Let me know how you do it :)

Sunday, April 26, 2009

Lazy Sunday

Hello all. I decided today to use Lyn or Kim's chicken soup recipe for our Sunday dinner, its a little cool today, low 60's and it just sounded soooo good. I love finding healthy, low calorie and low fat meals. Today we went grocery shopping and let me tell you, the healthier I get the bigger my grocery bill gets. NO JOKE :( My husband almost needed CPR for the 213.25 bill(YIKES) Why is Good, Wholesome, Health, Fresh food so darn expensive? Hey but I can buy 2 boxes of 8 Twinkies each for $5.00? No wonder I am so large, I was saving on grocery money (Ahem)J/K But seriously, I need to Find some sites that are Healthy meals and tried recipes, nothings worse than trying a new meal and it's horrible. So If ya'll know of any good sites or recipes let me know :)

Friday, April 24, 2009

Question and The Real Me

Hello all, I have a question? I have two blog spots and I thought 2 different site meters but the are getting the same hits? Any Ideas how to separate? Well anyway... as I was looking at my other blog I realized that I am never in any pictures, I am behind the camera. I know I do this on purpose due to my "Over Abundantness"(that's what I like to call it, sounds nicer :])Anywho...I know I need to face my first issue of being photographed so I can place the picture on my blog. I need to have a before picture and see myself(cringing at the thought)and so you can see me...the real me. The real me that has kept me from really having a real social life, the real me that is embarrassed of my appearance,the real me that dresses mostly in dark colors PRAYING to hide a few inches or pounds, the real me who tries not to think people are staring at me(Paranoid, like I'm that important)The real me that feels I have failed and disappointed myself and finally the real me that needs surgery to lose weight. This is only 1/2 of what I feel on a daily basis. No I'm not depressed... I'm just well...MORBIDLY OBESE!(I don't like that word) Now... Hows that for therapy :)

Rough week!

This week has been rough, My class has us on a 900 calorie diet and I do ok (most of the time) But... this week, I was weak. I find myself less hungary but I crave sweets lately, and I indulge? Why you might ask? I'm not sure. I am not trying to sabatoge my progress or lack thereof. I have been stuck, plateau mounted and I have been to the Dr. twice and no reasons or explanations. I have swelling in my ankles and hands, the Dr.s won't give me any antidieretics to help so I'm puffy as well. I try but with little victory and it its getting to me. I feel frustraited and mad and disappointed in myself. I don't want to fail, I'm just stuck. Have any of you post or even pre WLSers experienced this and if so... How did you get over this hurdle? Let me know advice is very much needed!!

Thursday, April 23, 2009

met⋅a⋅mor⋅pho⋅sis    [met-uh-mawr-fuh-sis]

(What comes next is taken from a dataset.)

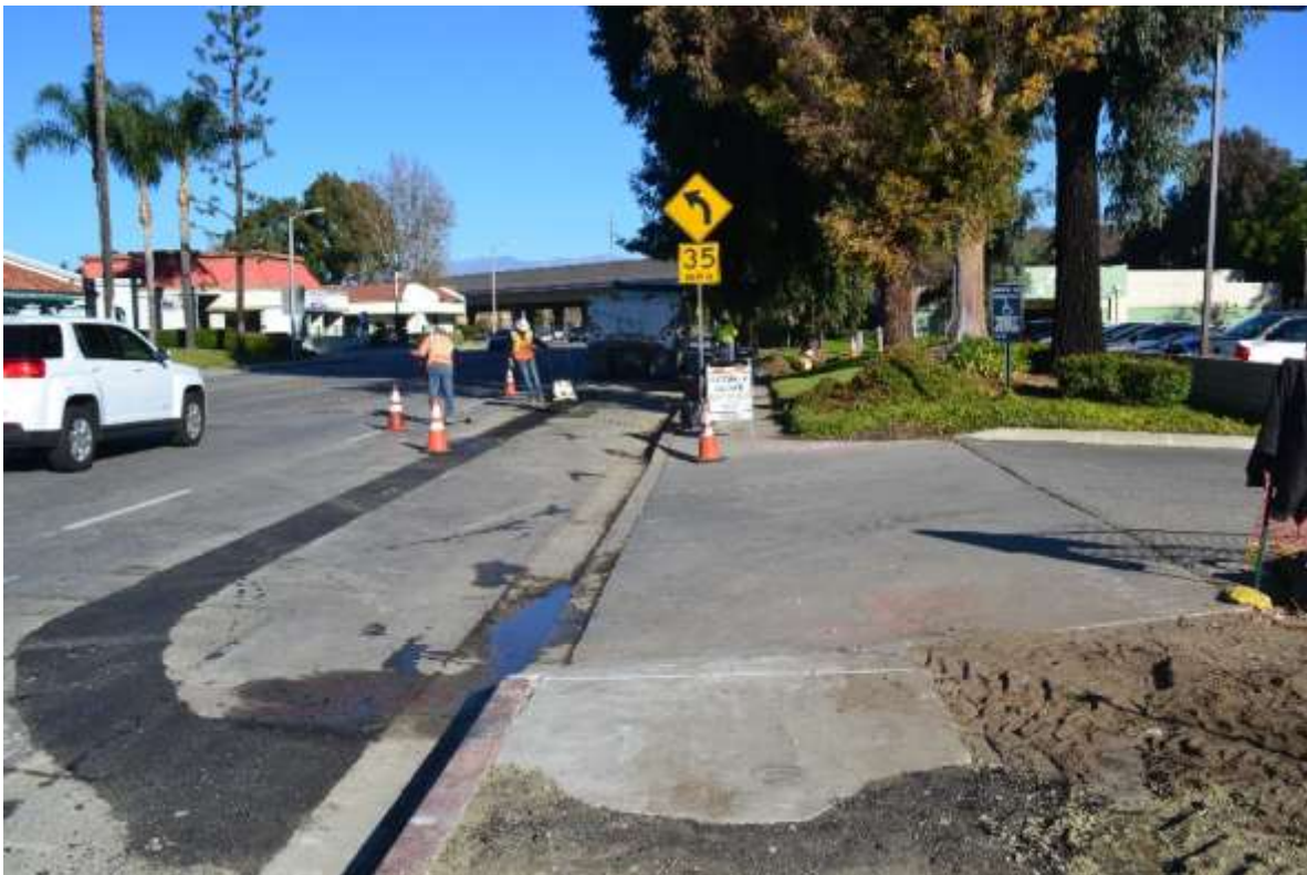
Figure 6: Telecom crews working along Pipeline Avenue between the ETS tie-in and an existing manhole, 500 kV Underground.

Any one of these could be the definition of our transition and journey to WLS and beyond!.

–noun, plural
1. A profound change in form from one stage to the next in the life history of an organism, as from the caterpillar to the pupa and from the pupa to the adult butterfly. Compare complete metamorphosis.

2. any complete change in appearance, character, circumstances, etc.
3. a form resulting from any such change.